# Renew Child ILR Biometric Card



## Lovice (Jan 12, 2015)

My son, wife and I have recently been granted ILR with the new biometric cards. For us adults the cards valid 10 years. However, for our son (5 years old) his biometric card only valids for 5 years. I understand we will need to renew our cards before they expire. I had a look at the current application form. As you can probably see that most parts are easy enough to deal with (just like renewing your passport for example). However, it does ask if you can prove you have been living in the UK for the past 2 years, though. 

The problem we have is that we are planning to move to Shanghai for the next 10 years as there are two great job offers waiting for both me and my wife.

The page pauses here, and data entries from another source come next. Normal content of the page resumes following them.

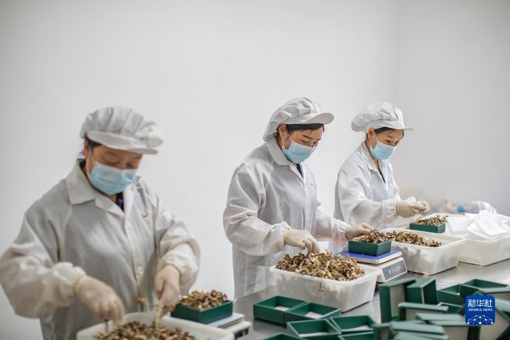 9月20日,在重慶市城口縣嶸彬農業(yè)開(kāi)發(fā)有限公司,工人將風(fēng)干后的食用菌稱(chēng)重裝袋。
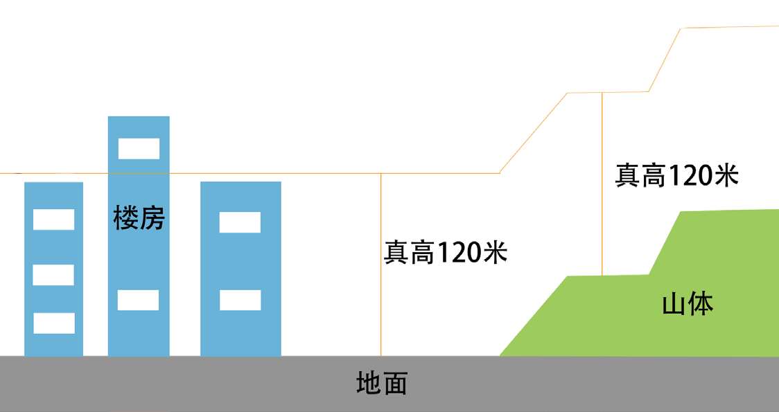 (1)真高:指无人驾驶航空器飞行时,其机体底部到地表面(含山体地面)的垂直距离。例如:在海拔3000米的高原起飞,无人机起飞至100米,则真高为100米;在城市起飞,真高以地面(非楼顶)为基准,如楼高100米,无人机在楼顶起飞至上方20米,则此时真高为120米(图2-2)。实际飞行中,应注意避免混淆建筑物高度与海拔。
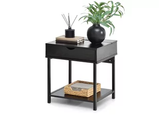 cechy blat prostokątny, z półką, z szufladą, wbudowane gniazda elektryczne, port USB przeznaczenie sypialnia, salon Kolorystyka kolor podstawy: czarny kolor półek: czarne drewno kolor blatu: czarne drewno styl wnętrzarski nowoczesny, industrialny Wymiary i waga długość: 40 cm szerokość:

Our son will be studying at an international school in Shanghai till he goes to university. We have a house in the UK which we are not planning to sell or rent out when we are away in Shanghai. Therefore, we will have all the utility bills and council tax invoices to 'prove' when we adults need to renew our biometric cards. However, what can my son use to 'prove' his last 2 years of 'living in the UK' when renewing his biometric card? Usually it can be proven by a letter from local school. But, my son will attend school in Shanghai, not here. The other way is to ask our GP to provide a letter showing my son's attendance (we would travel back to the UK every 12 months, so we can book him to see a GP while back in the UK). But, will a letter from the GP be sufficient enough to renew his biometric cards? 

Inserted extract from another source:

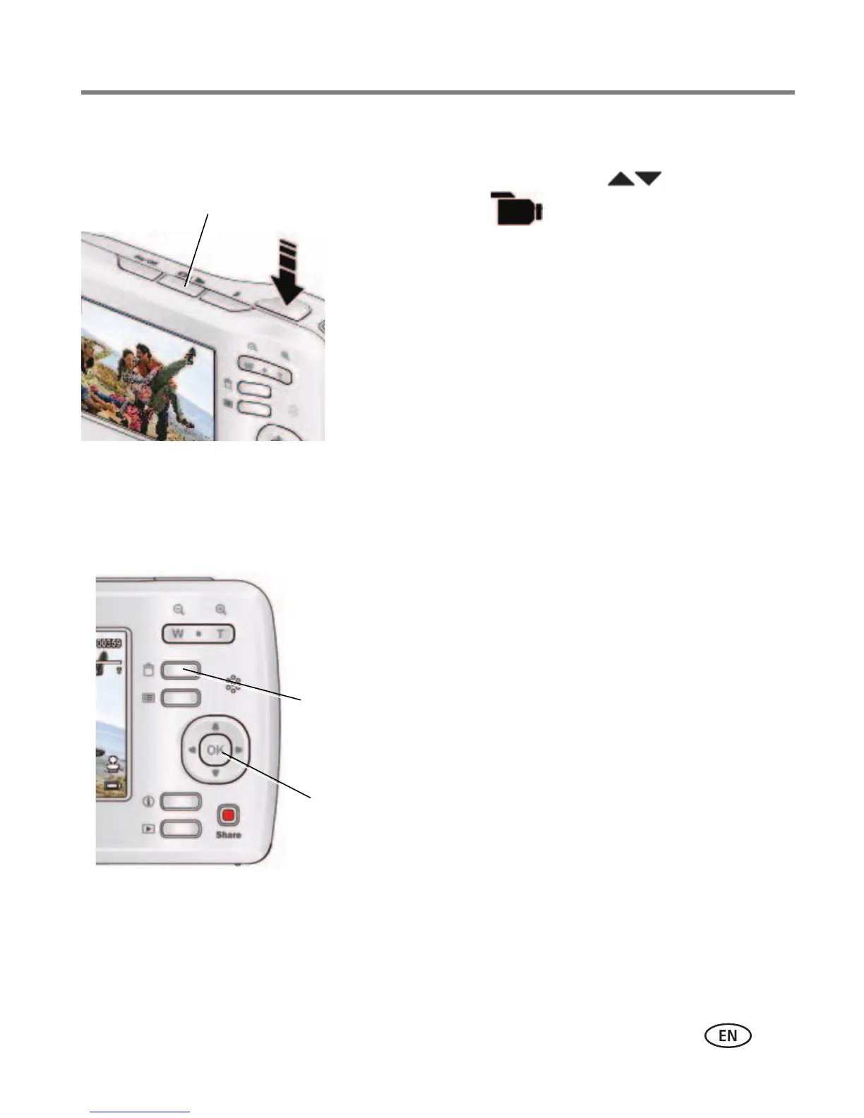 After you take a picture/video, the LCD briefly displays the picture or the first frame of

I just find the whole biometric card's situation made the current ILR a lot more complicated since you need to renew them every 10 years or 5 years if you are under 16. Even though in theory we can still travel abroad as long as we return at least every 2 years (like the old ILR), when we renew our biometric cards, they need to check if we lived in the UK for the past 2 years, which in itself contradict with the coming back at least every 2 years to keep ILR rule. 

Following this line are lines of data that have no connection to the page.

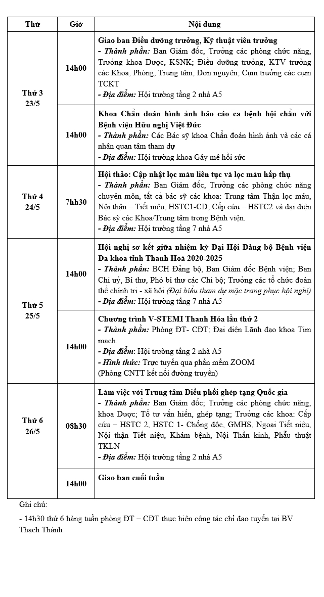 Lịch công tác tuần từ ngày 22/5/2023 đến ngày 26/5/2023 Tài liệu đi kèm:Lịch công tác tuần (File word)
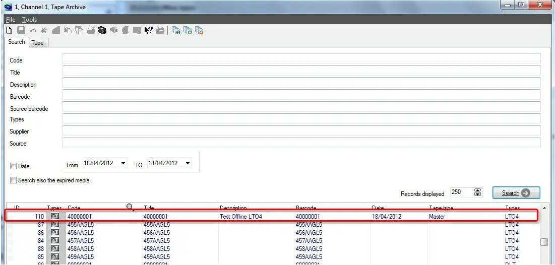 1.Launch the Tape Library module and search for the tape in question, then open it,
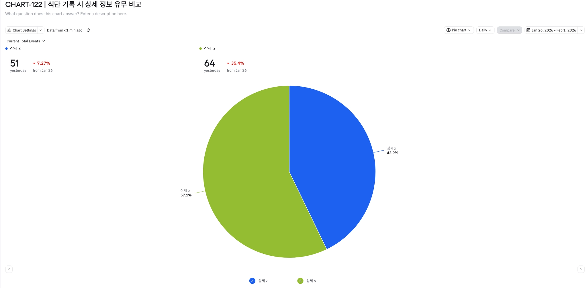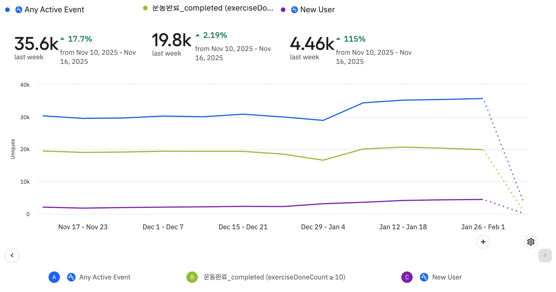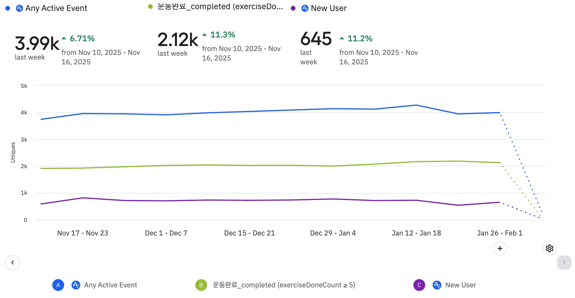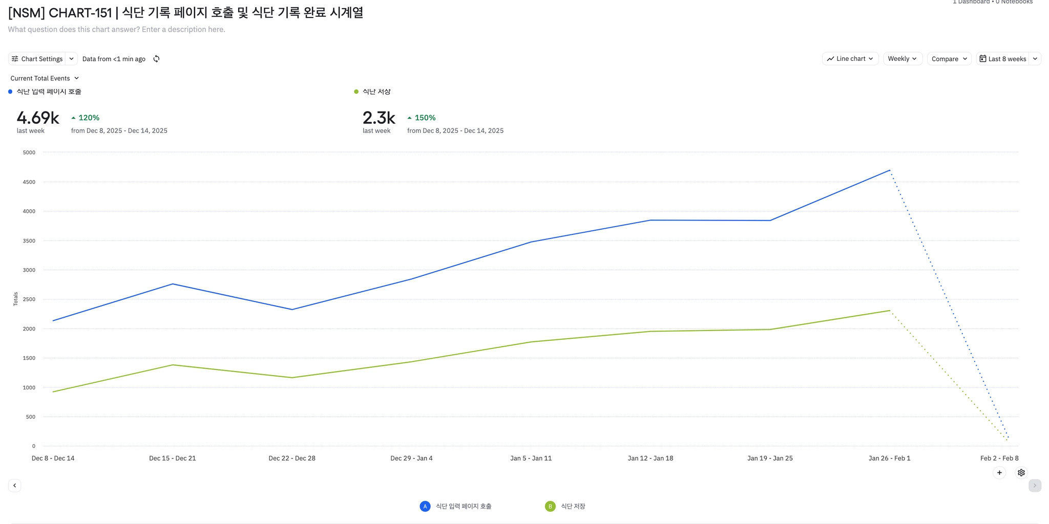 전반적으로 식단 기록 뷰 및 완료 이벤트 수가 전 주대비 크게 증가되고 있다.

Has anyone else got the similar concern? Many thanks.


----------



## Joppa (Sep 7, 2009)

Simply, if you are away for 2 years or more, you can no longer return as resident (i.e. your ILR will be cancelled). 
Returning for a holiday or a short break to beat the two-year clock doesn't work (and they are getting very strict on it). You must return within two years of leaving in order to resume your ordinary residence in UK. Even having a home to return to won't be enough and they can still cancel your ILR. I have friends with ILR who now live and work abroad, and every time they return to UK for a holiday, they get grilled at UK border, as they try to establish if they have a job in UK or other evidence of residence, rather than temporary stay, in UK. If you are being transferred by your UK employer to a post abroad, that might be mitigating circumstances but if you are just going for an overseas job, then you will have troubles.


----------